Records from a collection:

[Start of Attachment]

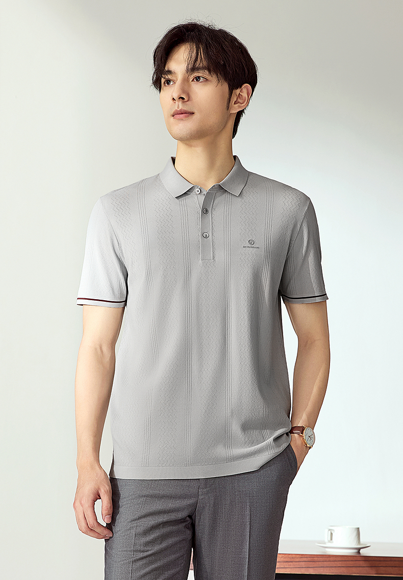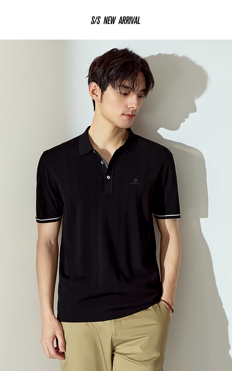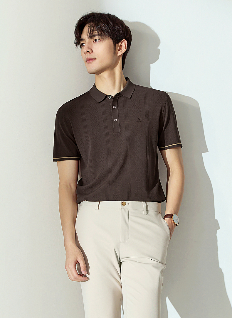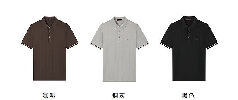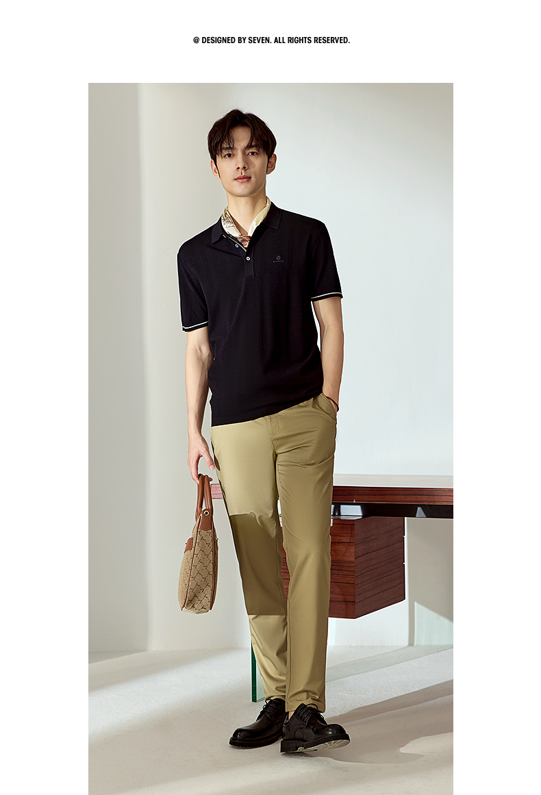 【高端系列】柒牌男士短袖polo衫夏季新款条纹提花伊力特弹力上衣128T71220
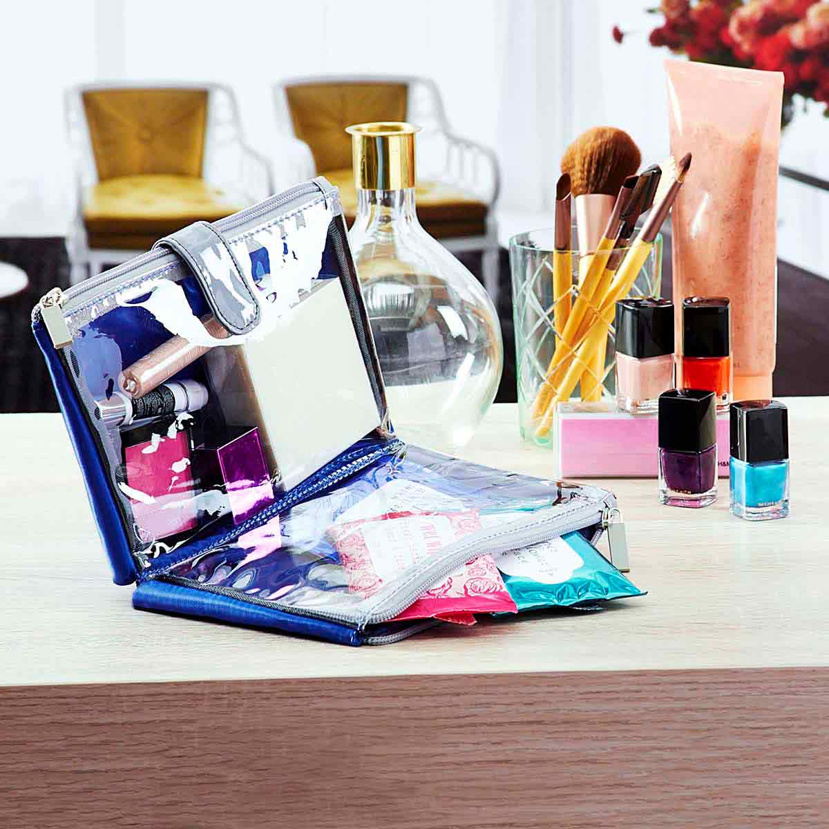 Cosmetiquera con 2 compartimentos internos. Material: poliéster. Medidas: 20 x 14 x 3 cm.
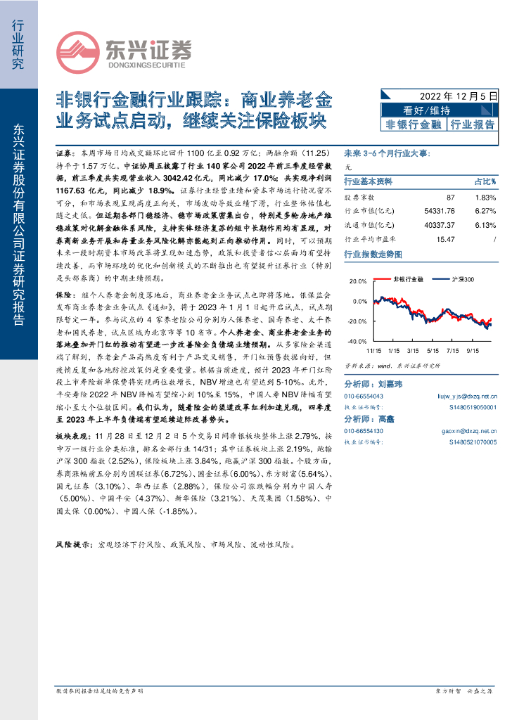 东兴证券:非银行金融行业跟踪:商业养老金业务试点启动,继续关注保险板块.pdf
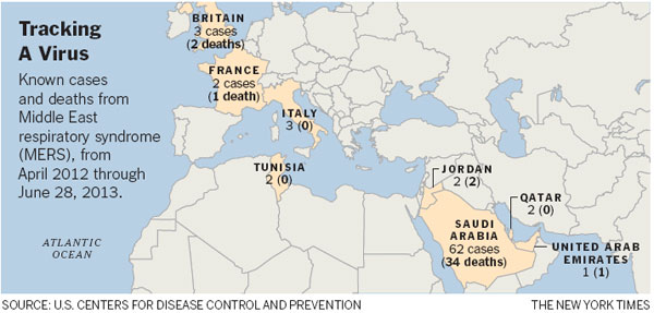 The disease, Middle Eastern respiratory syndrome, or MERS, is caused by a coronavirus, a relative of the virus that caused severe acute respiratory syndrome, or SARS, which originated in China and caused an international outbreak in 2003 that infected at least 8,000 people and killed nearly 800.
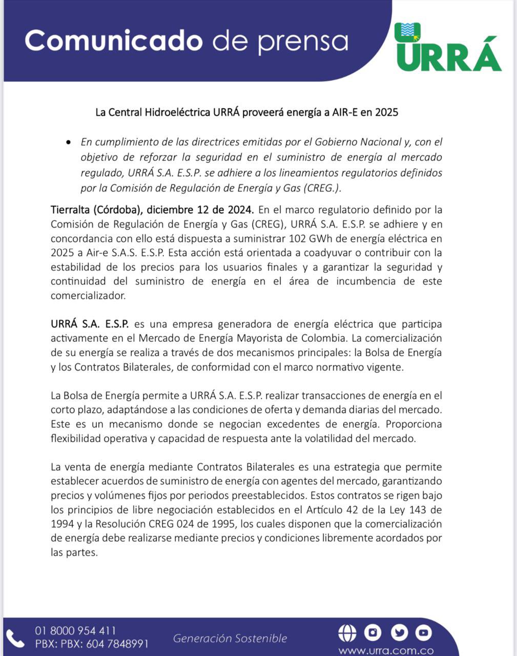 “Urrá S.A. E.S.P. es una empresa generadora de energía eléctrica que participa activamente en el Mercado de Energía Mayorista de Colombia. La comercialización de su energía se realiza a través de dos mecanismos principales: la bolsa de energía y los contratos bilaterales, de conformidad con el marco normativo vigente. La venta de energía mediante contratos bilaterales es una estrategia que permite establecer acuerdos de suministro de energía con agentes del mercado, garantizando precios y volúmenes fijos por períodos preestablecidos” mencionaba el comunicado.

[End of Attachment]

Only the lines from where the data begins to the line with "东兴证券:非银行金融行业跟踪:商业养老金业务试点启动,继续关注保险板块.pdf", both of them included, should be reproduced word for word; no pictures.

 【高端系列】柒牌男士短袖polo衫夏季新款条纹提花伊力特弹力上衣128T71220
 Cosmetiquera con 2 compartimentos internos. Material: poliéster. Medidas: 20 x 14 x 3 cm.
 东兴证券:非银行金融行业跟踪:商业养老金业务试点启动,继续关注保险板块.pdf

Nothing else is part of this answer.